Experiment Log-2: The following is a test carried out by a Foundation research team to determine if amnestics could reverse the effect of SCP-XXXX.
The affected individual named Kevin █████ was apprehended by a Foundation agent who saw him reading a copy of SCP-XXXX on a park bench. In Foundation custody, the subject began experiencing the memetic hazard caused by SCP-XXXX, sayin that he “could never face his girl again” and would “have to start over, get a new life somewhere.” Dr. Kowalski approved the use of an amnestic on the subject, and then gave the following interview:
Dr. Kowalski: “Hello Kevin, how are you feeling?”
Subject: “Um, okay I guess, a little sleepy maybe?”
Dr. Kowalski: “And how is your girlfriend doing Kevin, anything unusual going on with her?”
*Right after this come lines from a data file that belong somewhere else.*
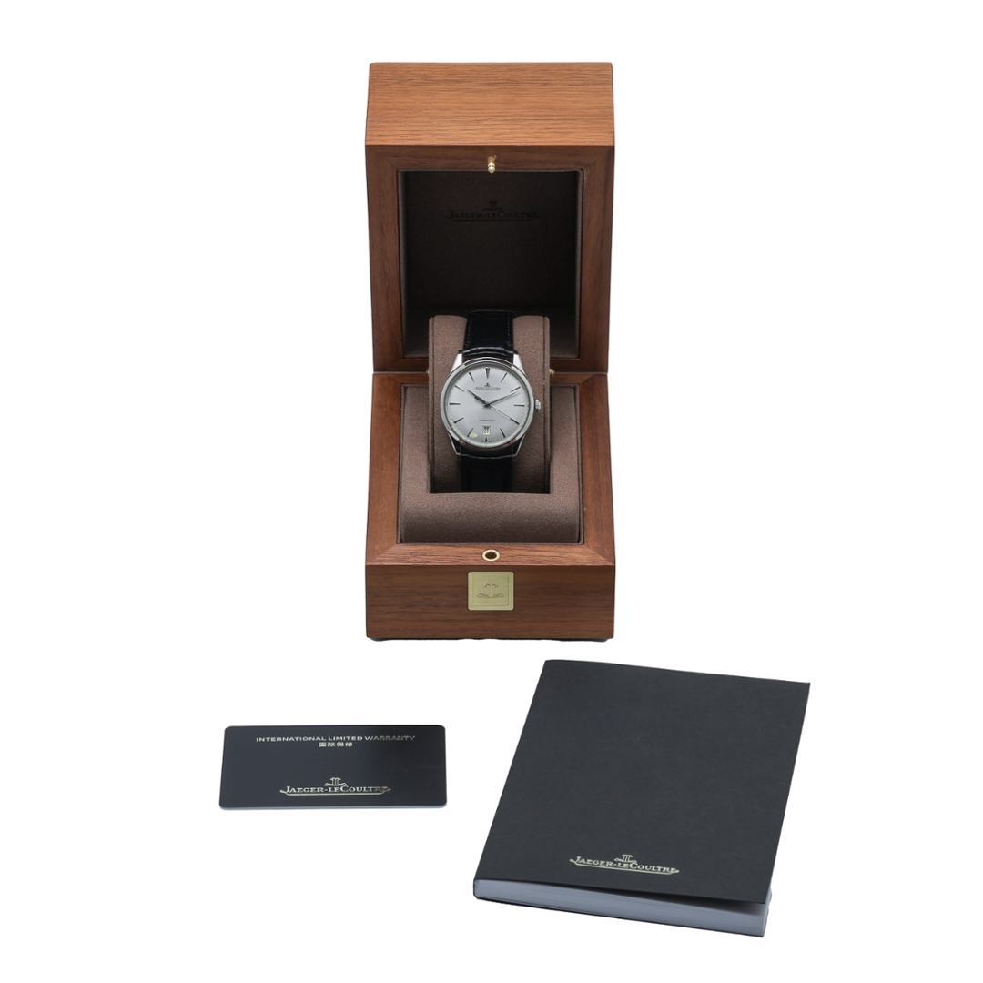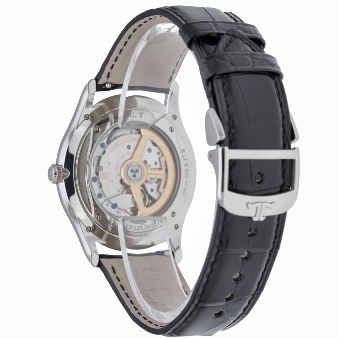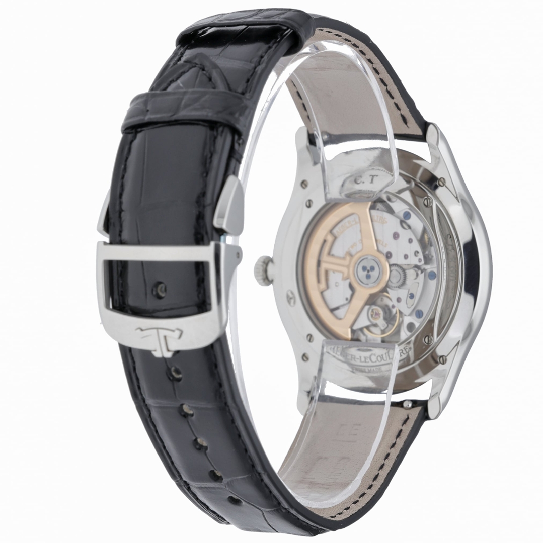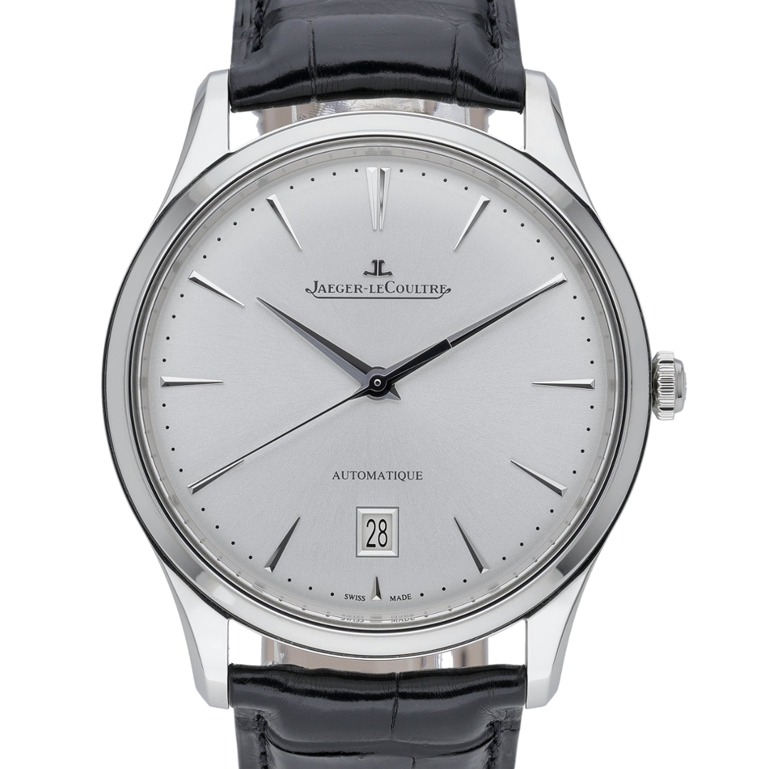 A Jaeger-LeCoultre Master Ultra Thin Date presented on a black leather strap, paired with a stainless steel case and clasp and a refined silver dial. The 39mm case showcases the brand’s signature slim profile, with applied baton hour markers, elegant dauphine hands, and a discreet date aperture at six o’clock, maintaining a perfectly balanced, timeless design.
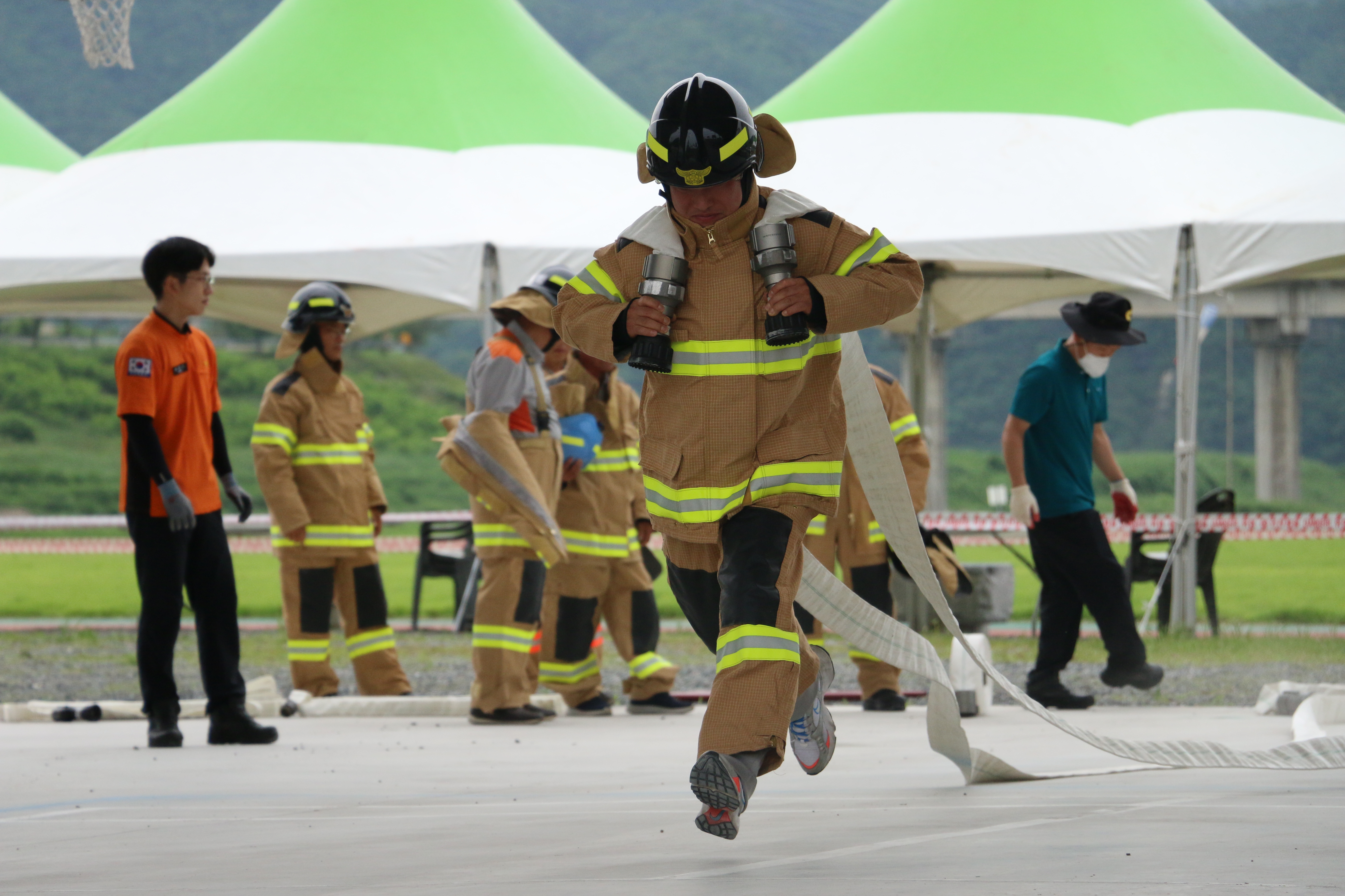 □ 영월군 관내 23개대 의용소방대원과 가족 등 500여 명이 참석한 가운데 소방호스 끌기, 수관연장ㆍ개인장비 장착ㆍ심폐소생술, 수관굴려 볼링공 맞추기, 색판 뒤집기 등 화합마당으로 마련했다.
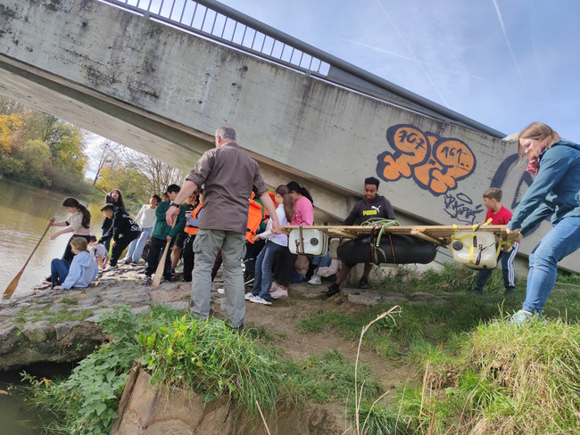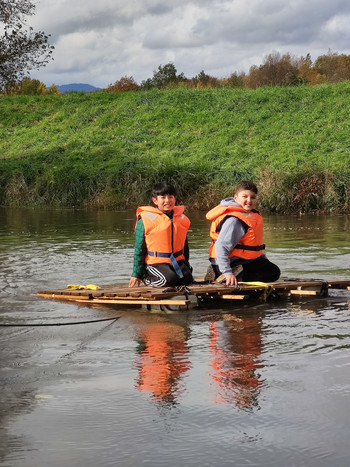 Das Highlight war natürlich die Fahrt über die Nidda. In Schwimmwesten und teilweise mit breitem Grinsen und bestimmt auch ein wenig Herzklopfen, paddelte die erste Gruppe los und sorgte so für eine sichere Überfahrt des restlichen Teams. Denn so konnte das Floß mit der Hilfe von Seilen immer von einer Seite zur anderen gezogen werden und alle 29 Schülerinnen und Schüler und ihre beiden Lehrerinnen von einem zum anderen Ufer transportieren.
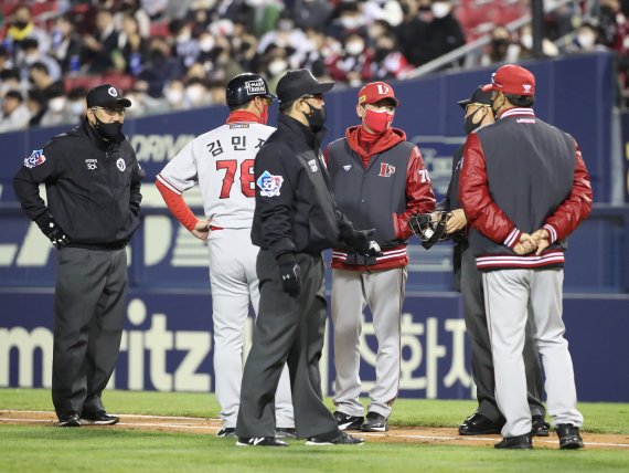 내야 타구 페어·파울 여부는 비디오 판독 대상이 아니라서 심판진은 김 감독의 항의를 받아들이지 않았다.
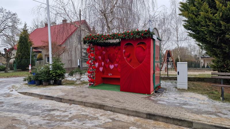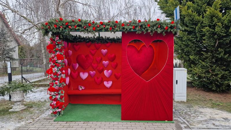Kiedy nadszedł czas na zdjęcie dekoracji świątecznych, mieszkanki Moczył postanowiły nie zostawiać przystanku pustym. Wykorzystując czerwone tło, które pozostało po dekoracjach świątecznych, panie z lokalnego Koła Gospodyń Wiejskich wspólnie z panią Magdaleną stworzyły nową, romantyczną odsłonę obiektu.
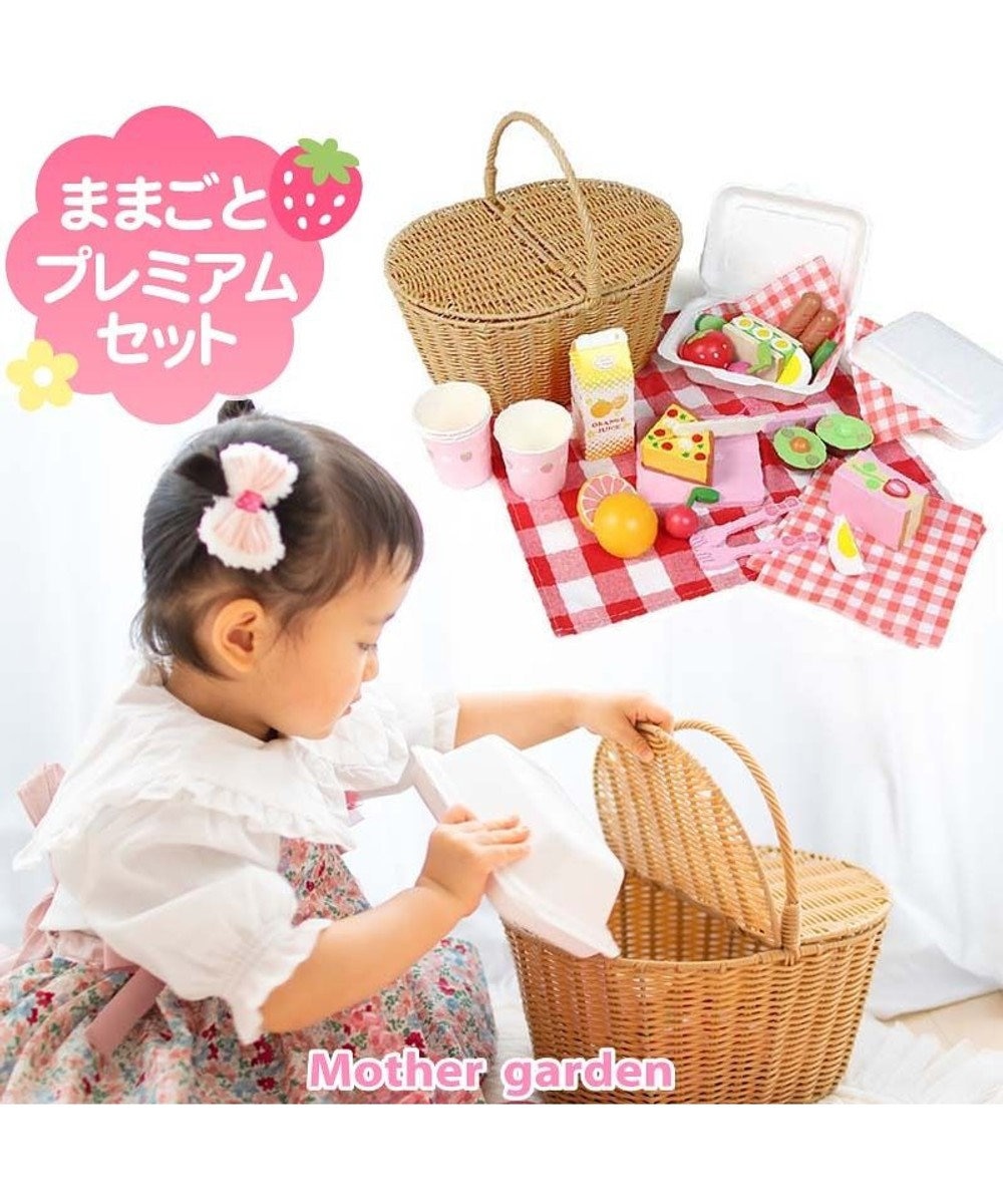 木でできた食材がなんともかわいらしいマザーガーデンのピクニックセット。お片付けが上手になりそうなバスケット付きです。かわいらしい絵本の中のような世界観に女の子も遊ぶ前からウキウキに。バスケットやクロスはいつか本当のピクニックでも使えそうなほどリアルです!

[Subject appears confused at the question, but calm]
Subject: “Uh, no she’s cool I think… why?”
Dr. Kowalski: “Just to test your memory, you hit your head on a park bench and were taken here to be examined for memory loss. We should be able to send you back to your loved ones soon!”
[The subject begins to tense up, sweating from his forehead, rocking back and forth slightly]
Dr. Kowlaski: “Something the matter?”
Subject: “I… don’t send me back. I can’t see her again.”
Dr. Kowlaski: “I don’t understand. Who are you talking about Kevin?”
Subejct: “My girl! I can’t… if she… I can’t face her again man!”
Dr. Kowlaski: “Why? Why can’t you see her?”
[The subject gets out of his chair and falls on all fours at Kowlaski’s feet, grabbing her pant leg]
Subject: “I don’t know! Just don’t make me see her again, I just can’t! Keep me here please I’ll do whatever you want!”